Обер вое из Хаве он а шланг?

Вое из бсомим он гештанк?

Вое из зун он а штотн?

Ун вое из Гот он а сотн?

Но что такое Ева без Змея шипящего?

Что такое благовонье без зловонья смердящего?

Что такое свет без теней?

И что такое Бог без чертей?

Соблазнение Цирл на самом деле всего лишь нена­долго отвлекает дьявола от потока сознания, кото­рое мечется между пророчеством и богохульством. Как только он ловит ее в свои сети, бедная Цирл не может ввернуть ни словечка в свою защиту. Только тогда маска, скрывающая дьявола, снята, и он чи­тает настолько непристойные стишки, что ника­кой бадхен не отважится произнести; он задает бо­гословские вопросы, столь богатые аллюзиями, что понять их может только идишский читатель:

Тут ди кдуше мит дер шуме фехтн?

Вет Гот дем сотн шехтн?

Одер из Самоэл герехт, аз эр из дер гехт фун але гехт?

Вое вейст а шедл вер сфирт с'редл?

(Y10)

Ведут ли святость с нечистотой войну?

Зарежет ли Бог Сатану?

Или Самаэль прав и у него здесь больше прав?

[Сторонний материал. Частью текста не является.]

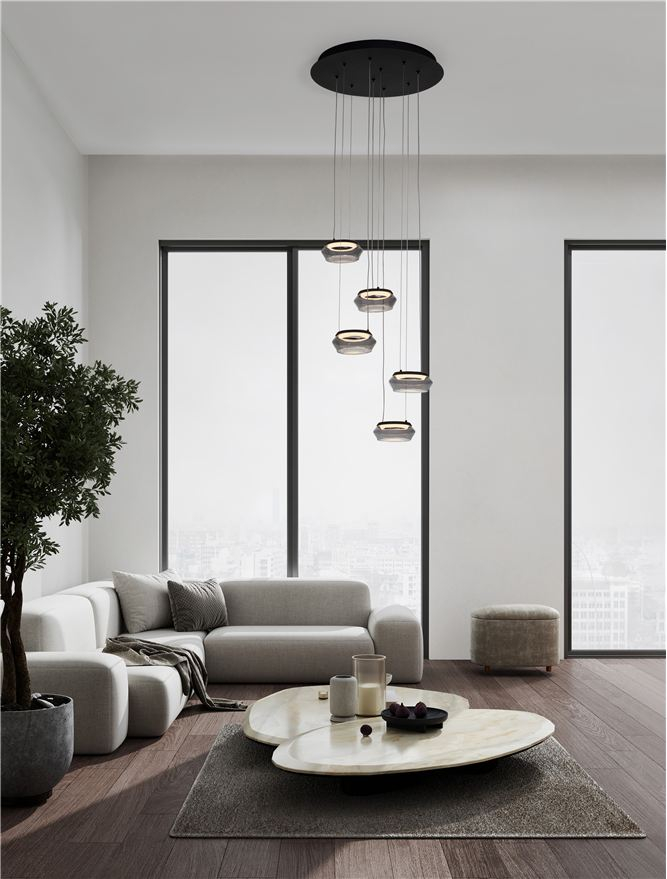 Осветителното тяло 9236103 представлява полилей в съвременен, дизайнерски стил. 9236103 е от категорията осветителни тела и е подходящо за осветяване на различни помещения и пространства като: всекидневна / хол, спалня, кухня, трапезария, офис.

Что знает бес малый о том, кто правит балом?

Разве может быть так, спрашивает дьявол, что мир — единственная сущность, созданная без рифмы или смысла? Или на одном конце тво­рения есть Создатель, а на другом — Мессия? «Эфшер вет дер иш-тамим форт кумен цу а тах- лис бе’ахрис га-йомим? Лесате зенен мир балеба- тим.